This was a big week for a fanboy/wanna-be-critic like myself. Can you say “paradigm shift?”

Let’s count ’em off: Bulletproof Coffin #2, Orc Stain #4, King City #7 (I know, that came out weeks ago but I missed it and had to re-order it), The Man with the Getaway Face preview, and the new Matt Kindt graphic novel, Revolver. What was I saying about the Direct Market being dead? Sorry, I was high. This has been a great summer already for my new drug: Fusion comics. My term for what Charles Brownstein calls “Boys Comics.” And the Direct Market is delivering my fix, so who’s complaining?

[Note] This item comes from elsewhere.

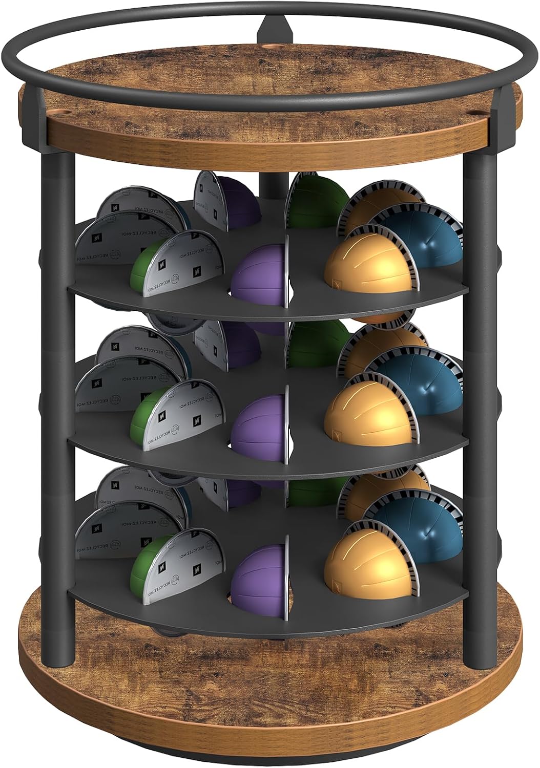 YATINEY Coffee Pod Holder Organizer, Holder for K Cup, Large Capacity Coffee Pod Basket, Versatile Coffee Capsule Storage Organizer, Coffee Pod Holder, Rotating Pod Organizer for Vertuo, Coffee Pod Organizer for Countertop, 27 Coffee Capsules, Storage Rack for Nespresso Vertuo Pods, KH09BB-KH03BR

Leading off, The Bulletproof Coffin #2 By David Hine and Shaky Kane. This is my dream comic. I’m in love. This comic is my girlfriend. At this point I wouldn’t care if she fucked my best friend. This comic can do me no wrong. For me, it’s a perfect mashup of styles that POPS with bright colors and dripping blood. The whole book looks really sharp, I think, and the story’s clever unfolding owes a lot to its design. There’s another comic-within-a-comic interplay (Shield of Justice cover to your left) that twists up the story and makes it all swing. If you couldn’t find issue one, I’d say you could still jump on board with #2 and not miss the train. There’s a great synopsis on the inside front cover that made me laugh. Reads like a comic book, like serial entertainment. And for me, really, it’s just the joy reading a Shaky Kane comic. Talk about Fusion – Shaky’s able to somehow subtly, easily shift styles that it really creates a jarring, discordant note in the story. (more…)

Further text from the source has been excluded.